The study by Somerville and Andrey Pavlov of Simon Fraser University looked at the change in prices in neighbourhoods favoured by Chinese immigrants in the period following the closure of the federal immigrant investors program to new applicants in July 2012.
The investors program, which started in 1986 and was finally eliminated in February 2014, gave wealthy immigrants a fast track into Canada if they could provide the federal government with investments that reached $1.6 million in 2010. An estimated 120,000 people took advantage of the program to move to B.C., with many settling in Vancouver and Richmond.
The report showed that when the program was closed in 2012, property prices declined by an average of 2.5 per cent in neighbourhoods preferred by Chinese immigrants compared to other neighbourhoods.
Somerville also noted that the study did not address “the totality of foreign capital” entering the local real estate market, just the effect of the immigrant investors program.
“Our findings show that immigrants who come with wealth, drive up housing prices in their destination areas more than they affect the overall market,” the report concluded. “Using transaction data from the Greater Vancouver area, we find that the closure of the program had a negative impact on the neighbourhoods and market segments most likely to be favoured by these investor immigrants.
“The negative impact we document was quick, happening within the first three months following the policy change, likely reflecting declines in seller expectations and demand by developers for sites to redevelop for wealthy immigrants. The price declines are larger for more expensive houses in the target neighbourhoods and for neighbourhoods where the share of recent Chinese immigrants among the population are highest.”

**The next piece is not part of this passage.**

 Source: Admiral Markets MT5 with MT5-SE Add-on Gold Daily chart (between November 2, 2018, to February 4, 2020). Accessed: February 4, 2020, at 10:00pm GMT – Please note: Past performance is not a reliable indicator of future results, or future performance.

“Following the suspension of the immigrant investor program, house appreciation in neighbourhoods with high concentration of recent Chinese immigrants underperformed the rest of the metropolitan area,” the report said. “The underperformance starts in the month following the announcement, and extends over the following 24 months.”

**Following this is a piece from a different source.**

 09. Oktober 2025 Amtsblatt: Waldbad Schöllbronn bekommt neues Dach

Somerville said “the price change was three per cent lower in the immigrant investor neighbourhoods. But after 24 months, that difference disappears. We can’t say why that (difference) disappears.”
The report concluded that wealthy immigrants prefer to live in areas with high numbers of immigrants of similar ethnicity.

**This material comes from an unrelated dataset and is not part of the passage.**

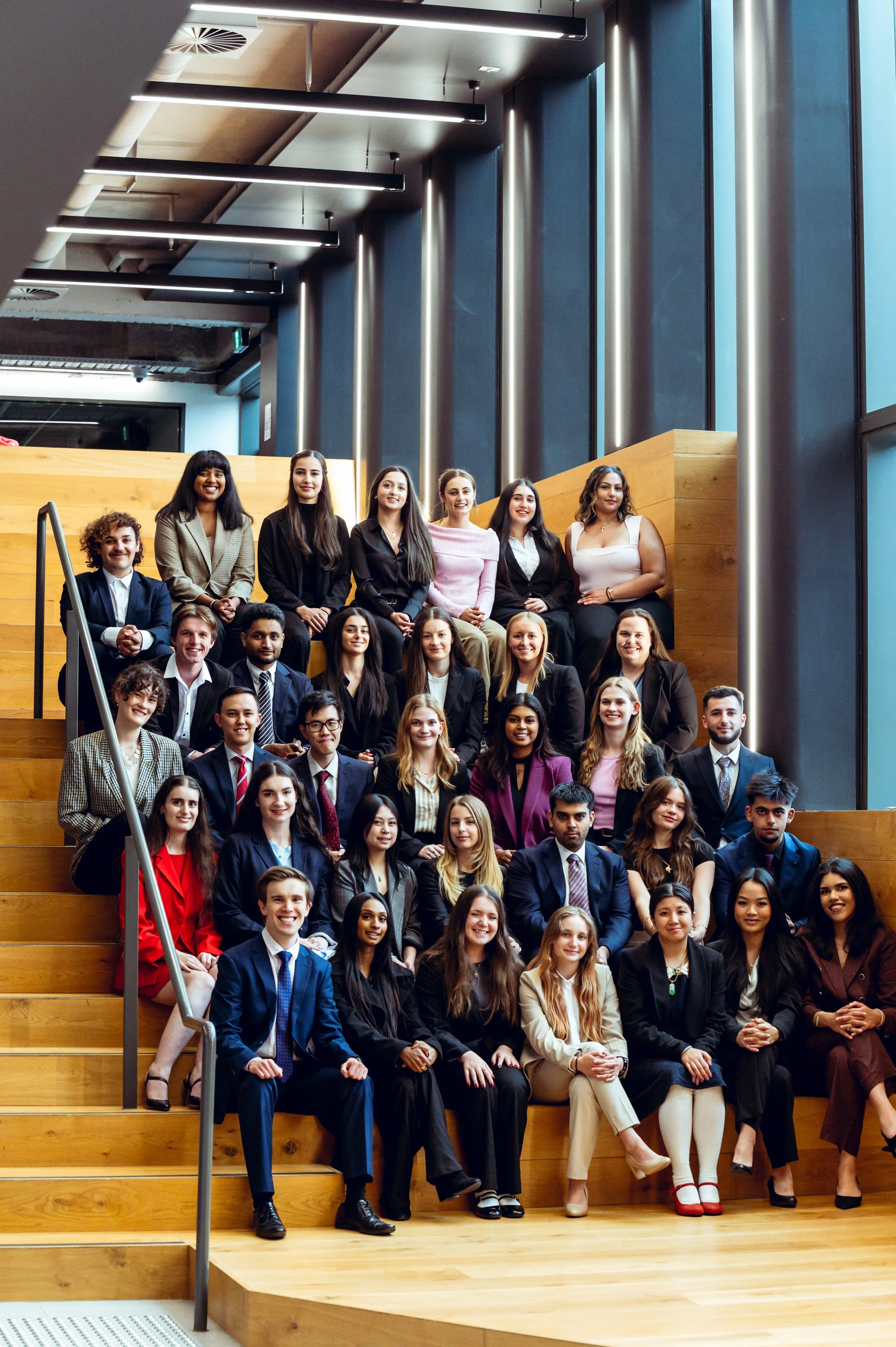 Group of professionally dressed young adults seated and standing on wooden steps in a modern interior setting.

“This makes prices in immigrant-dominated neighbourhoods sensitive to immigration policy. Local residents, whether of foreign descent or not, have little or no desire to segregate and purchase homes wherever they can find good value. This suggests a moderate spillover effect from immigrant to non-immigrant neighbourhoods both in terms of price and number of transactions.”
Somerville noted that according to the Real Estate Board of Greater Vancouver, the benchmark price of all residential properties rose by 48.3 per cent over the past three years.